Dans l'étonnement le plus total, attirant une nouvelle fois l'attention générale, Yuki ne veux pas de réponse et lui assène un franc coup de crâne. Celui-ci est bruyant à l'extérieur mais qui sonne creux à l'intérieur. Laissant le commandant sonné au sol, le balafré regarde l'heure à l'immense pendule sur le mur, un quart d'heure est passé et il se sent réveillé, motivé à terminer son rapport. Avant de remonter dans son bureau, son fade regard observe l'homme couché au sol.

 - Fais-toi plaisir, au moins tu n'auras pas besoin de grossir les faits.

Et il s'en alla vers son bureau personnel au second étage, calmement et de bonne humeur, en remontant les escaliers non sans hâte.
    Chaque marche m'éloignais de ce qu'il venait de se passer. Plus je montais, plus cette histoire restait derrière moi en quittant bien vite mes pensées.
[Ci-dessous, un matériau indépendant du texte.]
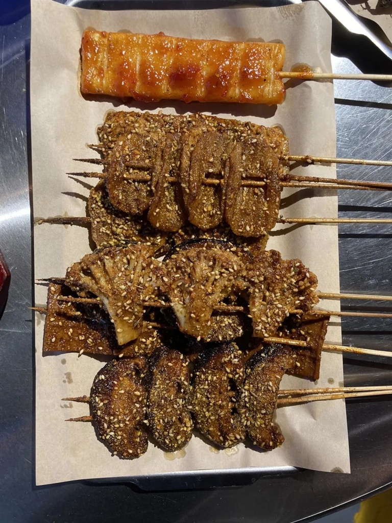 店内荤素烤菜有20多种,可以满足所有人的需求。“欢欢布车”之所以受欢迎,主打的就是性价比。如年糕,老板不会买市场上的速冻产品,每周都会从延边订购手工年糕,为了保证年糕的新鲜度,一次不能进货太多,这样运费有时候比货物本身都贵。

    Soudain, arrivé au palier du premier étage, je me rappelle pourquoi j'étais descendu. Demi-tour. Glissade murale. Rez-de-chaussée. J'ai oublié mon thé. Monsieur le Commandant n'est plus là, il est sûrement en train de pleurer auprès de ses parents, ce qui remplira ma boite aux lettres d'un blâme ou d'un averto que j'assumerai sans regrets.

    Avec tant de témoins, je préfère finalement ne pas quitter leurs yeux observateurs à mon égard et ne pas quitter le lieu, le rapport me concernant ne sera que moins mystérieux sur une potentielle absence. Sans croiser les regards et sans me faire petit, je nourris de quelques berry l'estomac du distributeur puis je repart avec ma boisson chaude en main.